The menu at the Peter Luger Steak House is not large. It focuses on their famous porterhouse steak, which can be ordered as a meal for two or four.

3. Keens Steakhouse

Founded: 1885
Location: 72 W 36th St.
Know for: Mutton chops

photo source: Flickr

Keens Steakhouse was established in 1885 by Albert Keen in the Theater District of Midtown Manhattan. They are known as much for their amazing steak and world-famous mutton chops as for their collection of clay smoking pipes (more on that in a bit).

Keen’s Steakhouse was renovated in 1979 when it changed owners. This was also when it was renamed Keens Steakhouse (it was originally called Keen’s English Chop House).
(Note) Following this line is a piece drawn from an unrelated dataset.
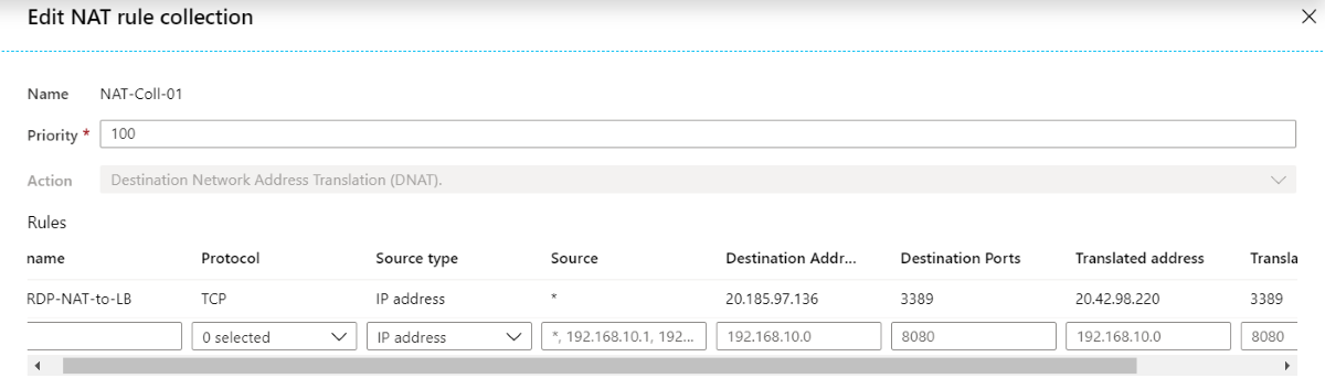例如,在负载均衡虚拟机所在的后端子网上创建 NSG。 允许来自防火墙的公共 IP 地址和端口的传入流量。 如果 NAT 网关与 Azure 防火墙子网相关联,则允许来自 NAT 网关的公共 IP 地址和端口的传入流量。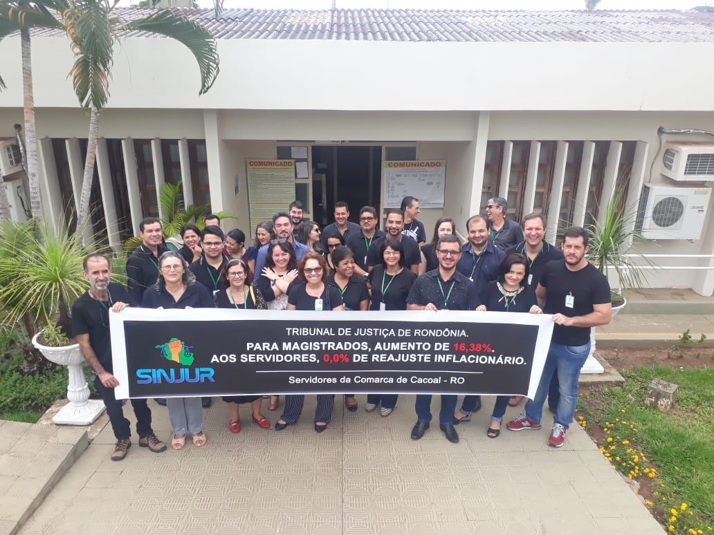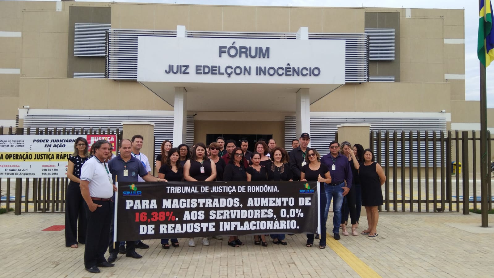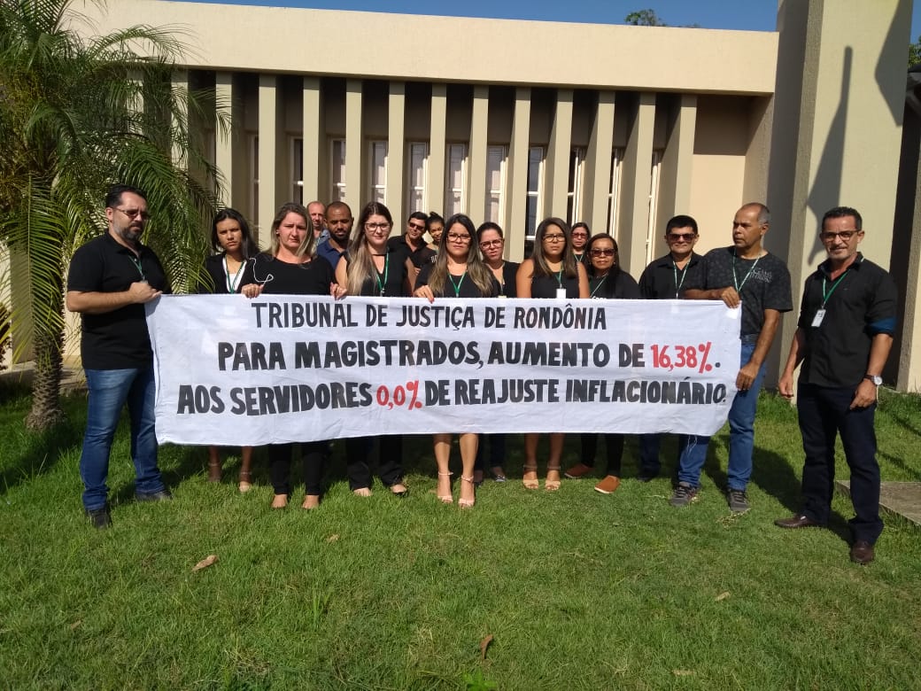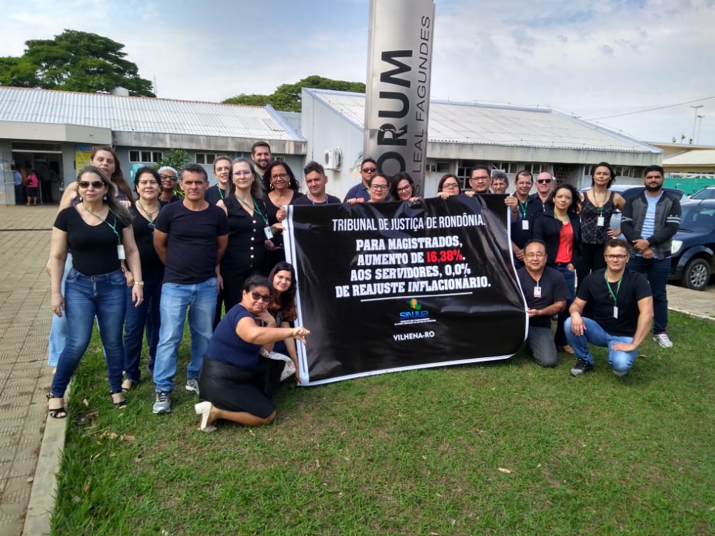 Na manhã desta segunda-feira (14/10), servidores do Poder Judiciário do Estado de Rondônia reuniram-se em frente do Tribunal de Justiça e dos fóruns nas Comarcas do interior do Estado para fazer um protesto ordeiro e silencioso contra a não implementação do reajuste salarial 2019.

There are few better steakhouses in the Garment District, and none older than Keens.

Did you know?

Travelers in old England, circa the 1600s, stored their clay pipes at the inn they were staying in because they were too fragile to take with them. Keens Steakhouse made this tradition part of its own when it stored its patrons’ pipes and ordered thousands from the Netherlands.

It now stores over 50,000 clay pipes, managed by a warden and delivered by “pipe boys.” Some of the most famous pipes on display at Keens include those of Teddy Roosevelt, Babe Ruth, Albert Einstein, Buffalo Bill, and Liza Minnelli.
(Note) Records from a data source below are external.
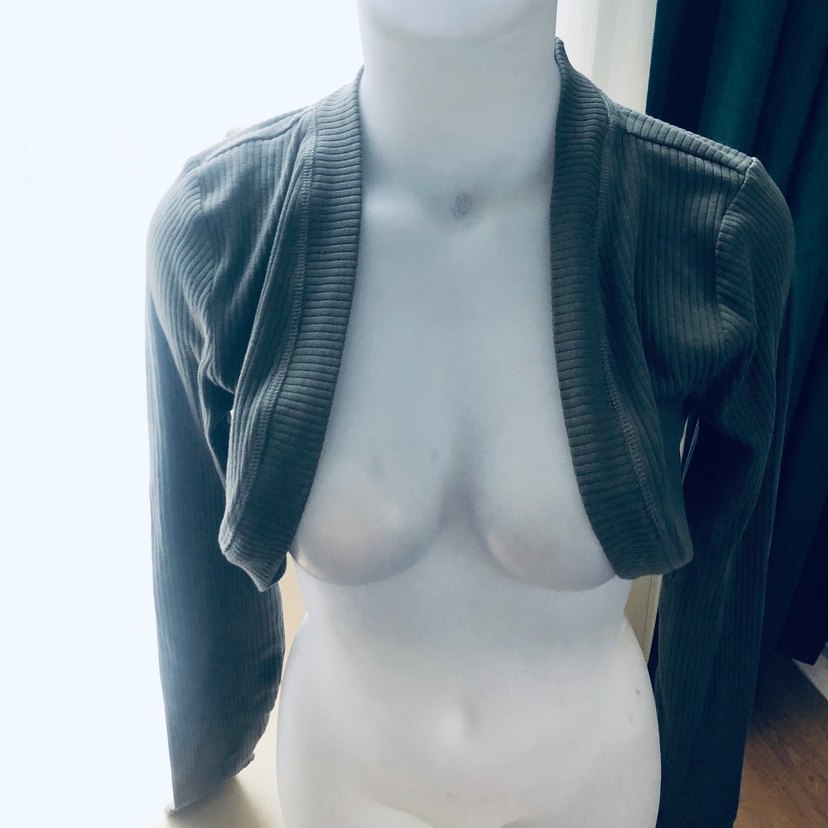 Düğmeli Gri Yüksek Yaka Uzun Kollu Bolero M beden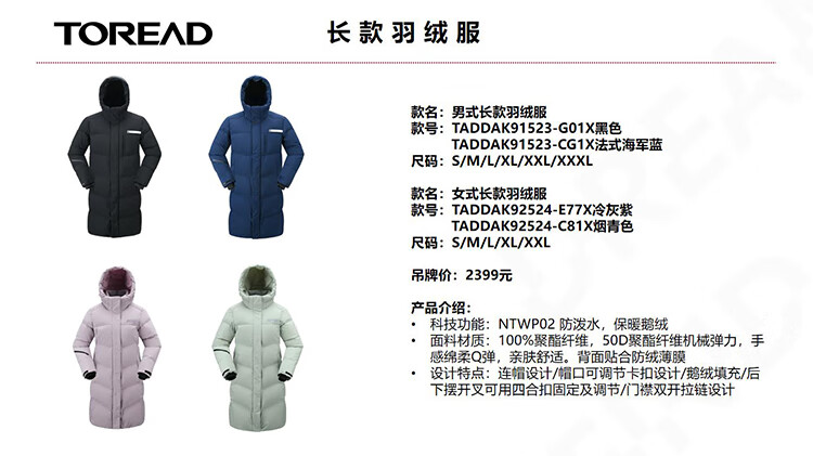 探路者男式长款羽绒服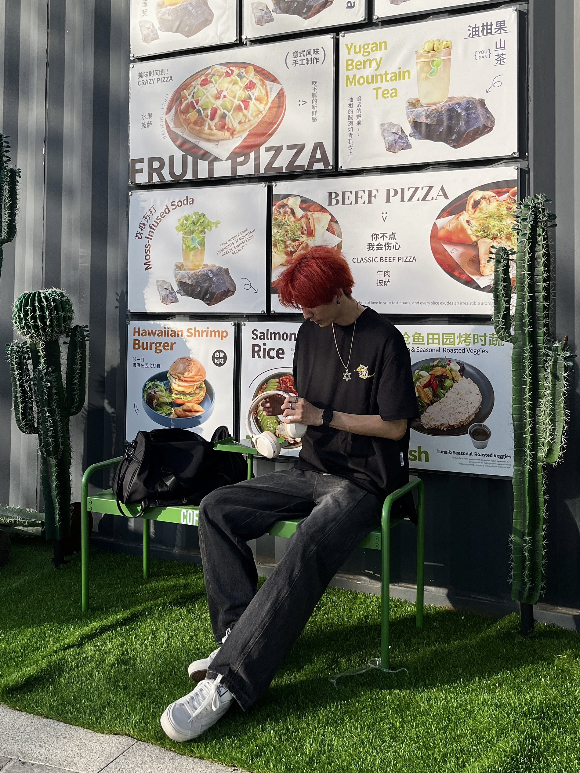 滑板和咖啡的搭配真的绝配 今天浅浅的搭了一套音乐节装扮 因为晚上要去参加他们线下的音乐节 所以穿的比较松弛一点 上身是速干冰丝的面料 不沾身上 对付这个三伏天 看来足够了

2. Old Homestead Steakhouse

Founded: 1868
Location: 56 9th Ave
Know for: New York sirloin and colossal crab cakes

photo source: Flickr

The Old Homestead Steakhouse, as the name suggests, is a tried-and-true institution dating back over 150 years. Not much has changed at The Old Homestead, on purpose – the current owners, Greg and Marc Sherry, know that venerated institutions survive for a reason. They can proudly claim to own the oldest continuously operating steakhouse, not only in the city but in the whole United States.

The restaurant was opened by a German family as the Tidewater Trading Post. Harry Sherry bought the place in the 40s after doing his time as a resident dishwasher. It’s still in his family and still features the cow statue sent to the restaurant by a Texan proud of the meal he had there. This has since become the icon of the restaurant.

Did you know?

Wagyu beef, bred in Japan and known throughout the world as being of the highest possible quality, was introduced to America at the Old Homestead Steakhouse. The cows are fed more on feed and less on grazing, giving the meat a higher fat content. In the 1990s, the Sherry brothers worked to become certified to import the steak to their customers, who became the first Americans to partake of the amazing beef within their own borders.

1. Delmonico’s Steakhouse

Founded: 1837
Location: 56 Beaver St.
Know for: Boneless rib-eye cut steak, aka, Delmonico Steak

photo source: Flickr

The Delmonico’s name now adorns many restaurants in the city. However, the original location on Beaver St. in the Financial District is the homeland of the Delmonico Steak, which is now a widely imitated, never-bettered cut of meat. It’s become so synonymous with their methods that steakhouses around the country will call a thick-cut ribeye a “Delmonico.”

The original family relinquished ownership of Delmonico’s in 1923. However, in 1926, it was purchased by Oscar Tucci who used the building as a speakeasy. Though the Tuccis no longer own the place either, Delmonico’s remains a classic New York establishment and is the oldest steakhouse in NYC.

Did you know?

Many famous dishes claim their origin place to be Delmonico’s Steakhouse, though some are widely debated. It is one of the first restaurants to allow guests to order dishes separately, rather than as part of a meal, also featuring the first separate wine list.

Dishes that have claimed their origin at Delmonico’s (to varying degrees of certainty) include Chicken à la King, Eggs Benedict, Baked Alaska, Manhattan clam chowder, and Lobster Newberg.

The Takeaway

The oldest steakhouses in NYC exude the city’s classic culture as well as its new culinary excellence. The traditions of fantastic steak-eating exemplified by these steakhouses represent New York City history at its finest (and most delicious). From weathered beerhalls to fine dining establishments, these steakhouses are all worth including on an NYC bucket list if you find yourself in the Big Apple hungry for more than just the nightlife.